The Making Of A Good Indian Son

A couple I know recently got their doctor son married to a good-looking, well-educated, ‘homely’, ‘traditional yet modern’  girl of their choice, and since then they have been pretty much on cloud nine–holding forth before all and sundry how, at a time when eligible boys left, right and center were marrying outside the community, their son was a shining example of ideal son-hood. And how this was only the result of the exalted sanskaras they were able to impart to their son  (who in turn retained those sanskaras despite becoming a doctor, no less, and how that  quite probably is the result of good karma accumulated over this and previous births.)

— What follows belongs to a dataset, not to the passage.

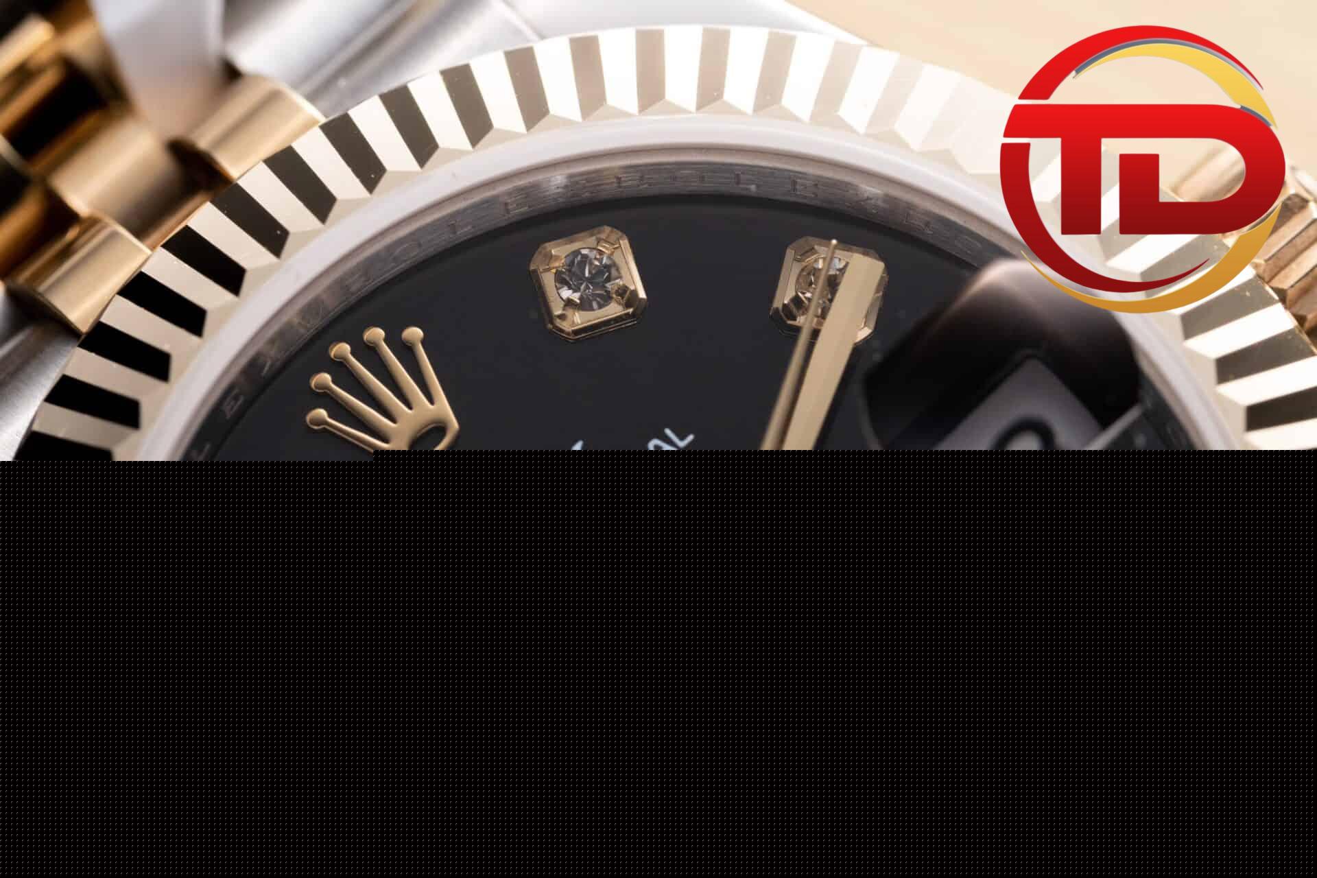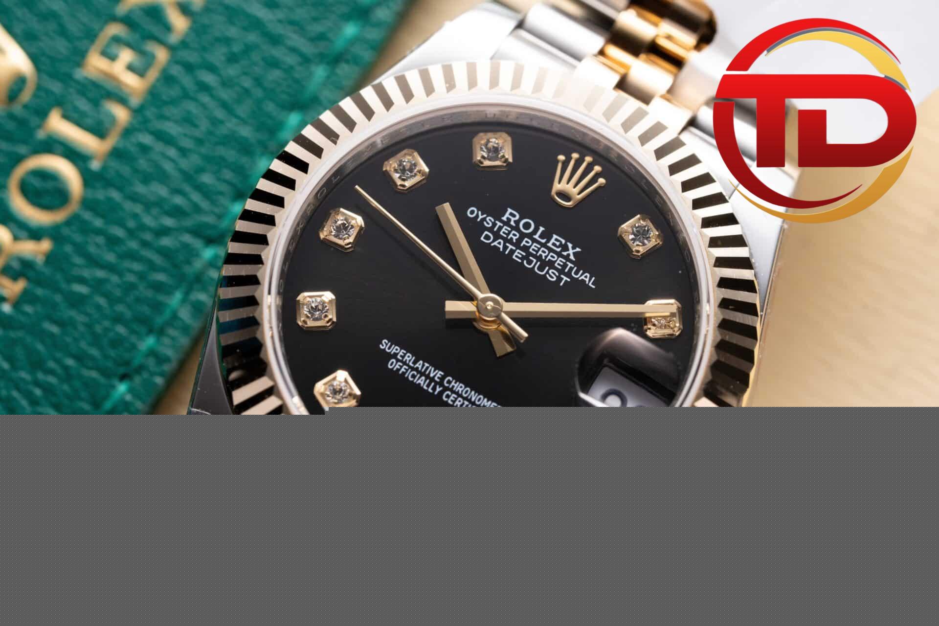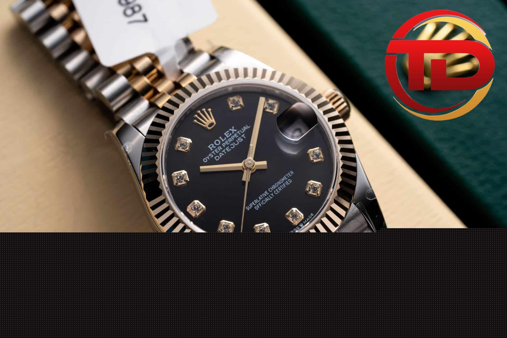 ĐỒNG HỒ NỮ ROLEX DATEJUST MẶT ĐEN CỌC SỐ ĐÍNH ĐÁ BỌC VÀNG GM FACTORY 31MM

They beam with pleasure every time somebody indulges them by saying what they so badly want to hear–how lucky they are to be blessed with such a son! Such good parenting, and such wonderful karma too! Then they get all coy and say all of it is God’s grace.

We know how our country is obsessed with sons. We also know why. But is just having a son enough? He has to be a good son, right? And what good is a son who cheats you out of enjoying the fruits of your good karma by not marrying according to your wishes?

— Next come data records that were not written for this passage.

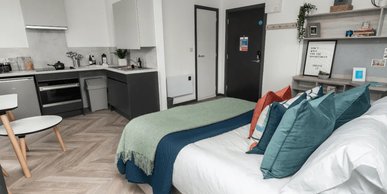 Presenting our Superior Studios, complete with a cosy small double bed, abundant workspace and storage, a private en suite shower room, and your personal mini-kitchen. Enjoy a floor space ranging from 24 to 26 sqm. These studios are perfect for solo living or sharing with a partner.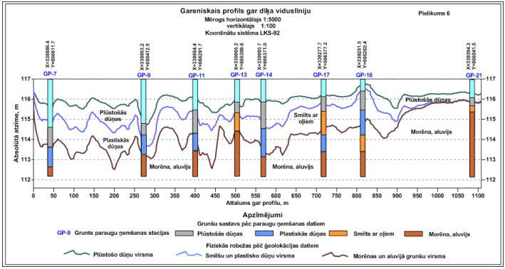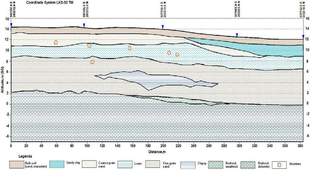The upper part of the section is alluvial deposits. In the initial part of the profile, on the valley edge – Salaspils carbonates . Thickness of the dolomites is small, practically whole incision locates into the Upper Devonian Amata sandstone sediments. The sides of the lower part of the incision are composed of weak sandstones of the Amata sediments. The velocity of longitudinal waves propagation in them differs little from the moraine loam filling the valley, so the sides of the incision can be distinguished only conditionally, by changing the nature of the stratification.
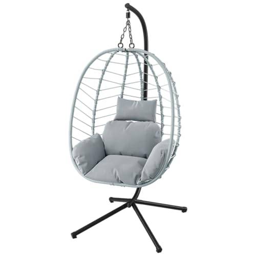 Der Tectake Hängesessel mit Gestell zeichnet sich durch sein vielseitiges Design und hohe Funktionalität aus. Im Vergleich zu anderen Hängesesseln bietet dieses Modell mit seinen dicken, ergonomischen Kissen und der robusten Vierbein-Konstruktion maximalen Komfort und sicheren Stand. Ein besonderes Merkmal ist der voll drehbare Korb, der sich auch zusammenklappen lässt, was insbesondere bei begrenztem Platzangebot oder saisonbedingter Lagerung vorteilhaft ist. Die einfache Höhenverstellbarkeit und die pflegeleichten Materialien machen ihn sowohl für Innenräume als auch für den Außenbereich ideal. Wir empfehlen dieses Produkt für jeden, der eine gemütliche und flexible Entspannungsoase in seinem Zuhause schaffen möchte.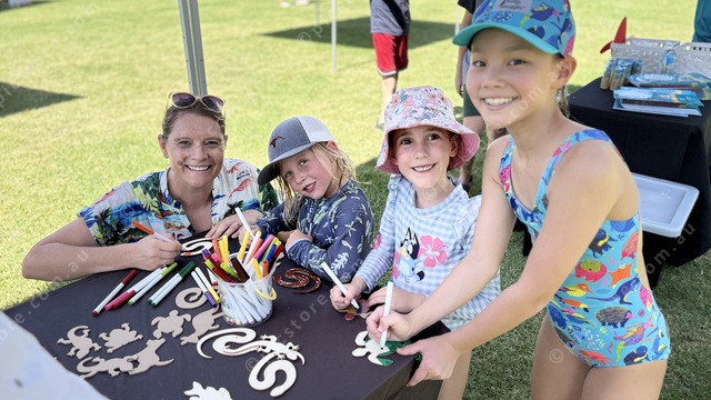 L-R Natalie Wood, Teddy Thompson, Milla Welsh and Starla Rose Hart all have a go at the crafts (Jess Leis: 530789_07)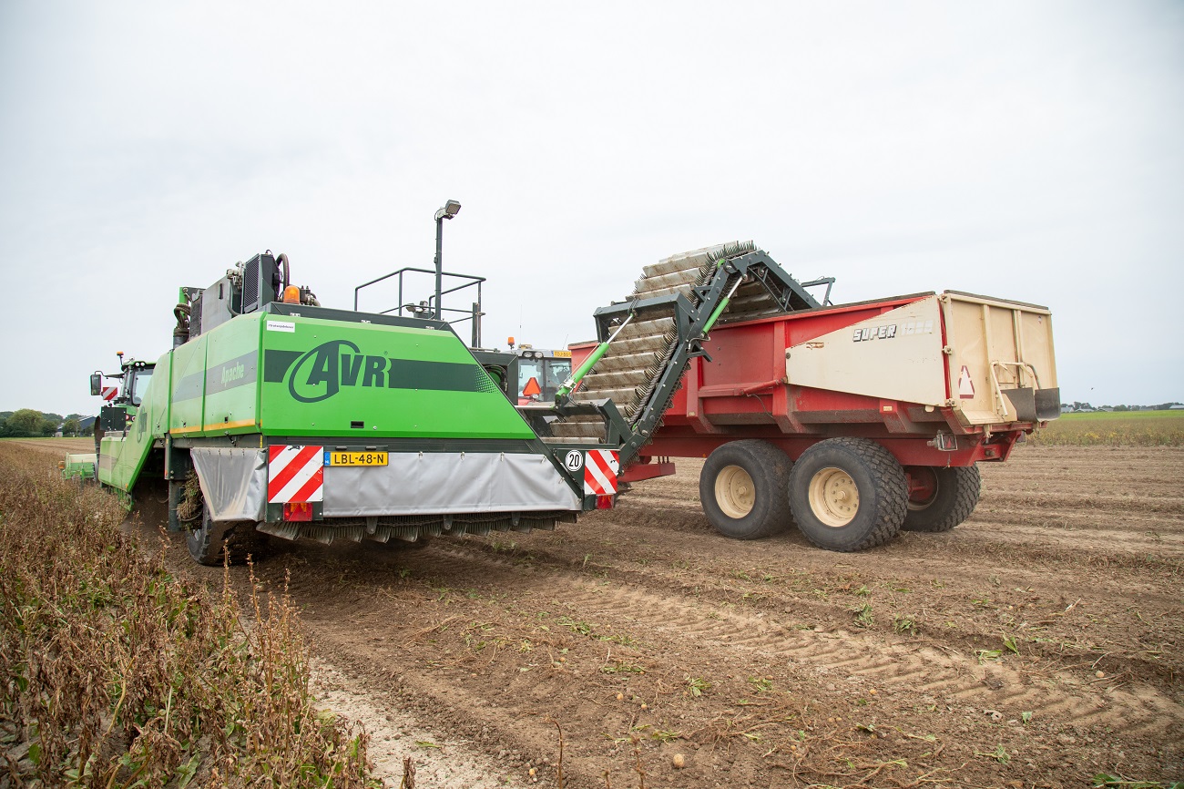 Hij rooit zijn aardappelen met een vierrijige AVR. Aan de voorkant van de trekker hangt een loofklapper met zijafvoer. „Zo heb ik altijd een schoon rooibed.”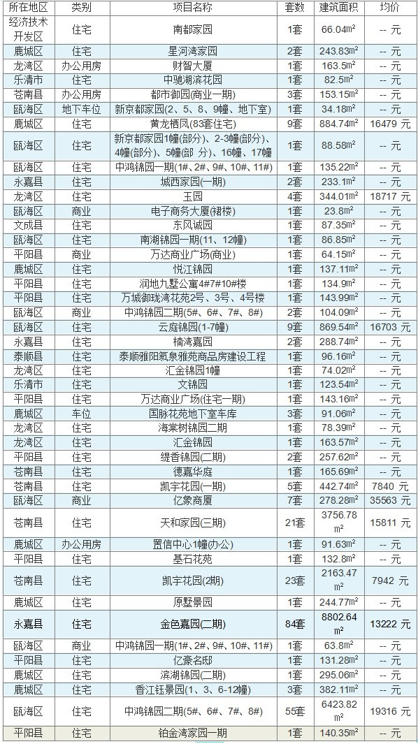 (数据来源:温州市房管局商品房网上销售管理系统)
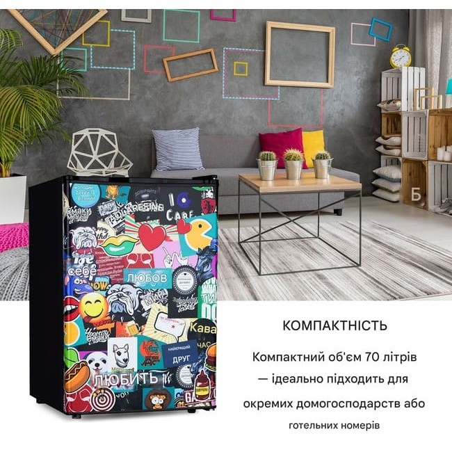Cool Vibe 70+ виправдовує свою назву не лише своїм інтер'єром: його передня частина має освіжаючий принт у стилі наклейки. Класні висловлювання, емодзи та зухвалі картинки - що завгодно, у Cool Vibe 70+ є!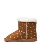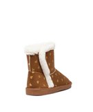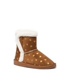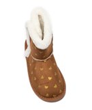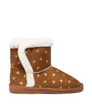 Boots fille fourrées avec scratch à motif cœurs marron clair

So just what does it take to raise the ideal Indian son?

Well,  the answer certainly lies in ‘appropriate’ parenting. And that probably entails, amongst other things, making the son hear these age-old  gems starting from the time he is old enough to comprehend simple sentences.

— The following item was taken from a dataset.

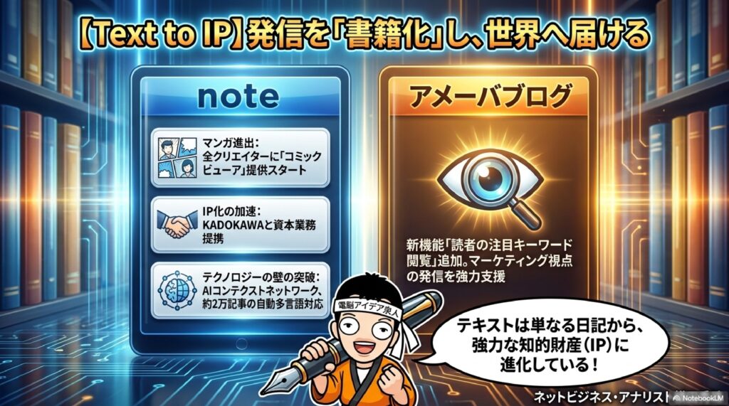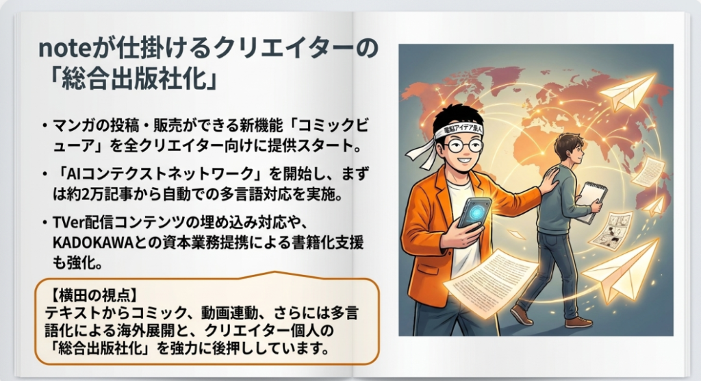 9. 📖 コミックビューア noteが全クリエイター向けに提供を開始した新機能で、漫画の投稿販売が可能になりました。AI生成漫画との相性も良く、個人クリエイターの新たな収益化手段として注目されています。さらにnoteはKADOKAWAと資本業務提携を結び、書き手発掘や書籍化を目指す動きや、約2万記事の多言語AI対応も進めています。

I am sure most Indian sons have heard at least some of these, and the really good ones have probably heard and internalised most of them.

Part 1: These stock sentences are delivered mostly by the mother. The idea is to imprint indelibly on the young son’s impressionable mind that he is special and much wanted and  in addition to nurture a sense of gratitude and indebtedness.

— I wept with joy at your birth.

— Your grandmother/grandfather/sundry other relatives wept with joy when they got the news of your arrival.

— Yours was a very difficult delivery. I nearly died. I could not get up on my feet without help for months.

–Your father was very worried it would be a/another girl when I was pregnant with you. He was so relieved when he was told it was a boy.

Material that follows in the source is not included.